Hi everyone,
I am new to python, so sorry if my question or code seems a bit weird or newbie.
I want to calculate the conservation in two sequence with a specific window size. I actually wrote the code, and it looks like this in below.
My question is, is there any shorter way of doing that using Biopython? I read their tutorial but I really couldn't find anything that I can use here.
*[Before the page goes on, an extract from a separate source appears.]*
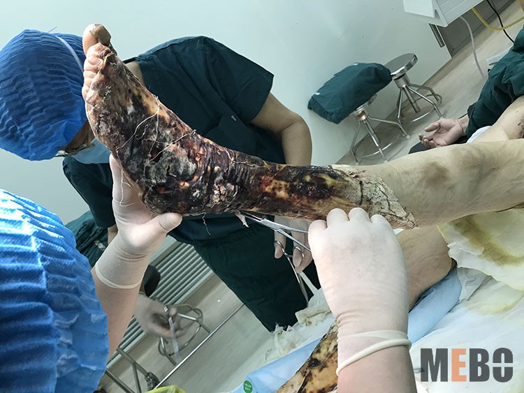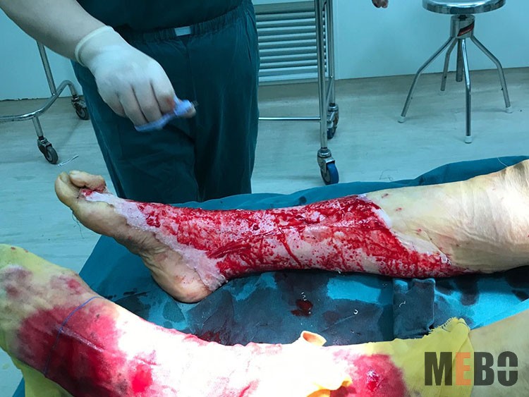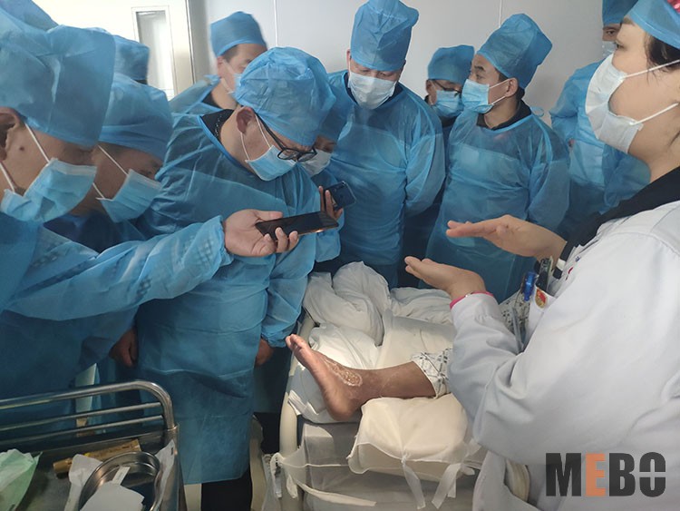 11月26日,中國中西醫(yī)結(jié)合學(xué)會燒傷專業(yè)委員會副主委、南通三院燒傷整形美容與創(chuàng)面修復(fù)科主任—趙賢忠教授受邀到南通中醫(yī)院,對一例開水燙傷創(chuàng)面植異種皮術(shù)后皮下出血感染患者進(jìn)行了會診。手術(shù)去除異種皮后改用美寶濕潤燒傷膏行皮膚再生療法處理,創(chuàng)面處理效果理想,受到科室全體醫(yī)護(hù)人員的贊揚(yáng)!

I found ways that the code tells you the overall similarity score between 2 sequences, but I want to be able check the similarity/conservation in a specific window size and eventually plot the the data.
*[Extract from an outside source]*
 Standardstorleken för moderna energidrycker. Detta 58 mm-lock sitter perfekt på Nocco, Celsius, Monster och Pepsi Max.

I appreciate any suggestion/ help from you guys!
Thanks and have a nice Day
Sarah
> Blockquote
from Bio import AlignIO
import matplotlib.pyplot as plt
# Compares 2 sequences in a specific window size, and prints the difference
def compare(word1, word2, window):
chunk_count = 0
list = []
length_word1 = len(word1)
length_word2 = len(word2)
if length_word1 < length_word2:
min_word = word1
else:
min_word = word2
while chunk_count < (len(min_word) - 1):
count = 0
if chunk_count + window > len(min_word):
window = len(min_word)-chunk_count
for window_counter in range(window):
if word1[window_counter + chunk_count] == word2[window_counter + chunk_count]:
count = count + 1
list.append(count)
chunk_count = chunk_count + window
print(list)
length= len (list)
print (length)
list3 = [0]
x=0
for i in range (length-1):
x= x+10
list3.append(x)
print (list3)
def main():
alignment = AlignIO.read("Alignment 2.aln", "clustal")
word1 = (alignment[0].seq)
word2 = (alignment[2].seq)
window = 20
compare(word1, word2, window)
> Blockquote
Can you clarify, are you looking for differences between direct substrings (e.g. a Hamming or Levenshtein distance), or are you looking to re-align the windows?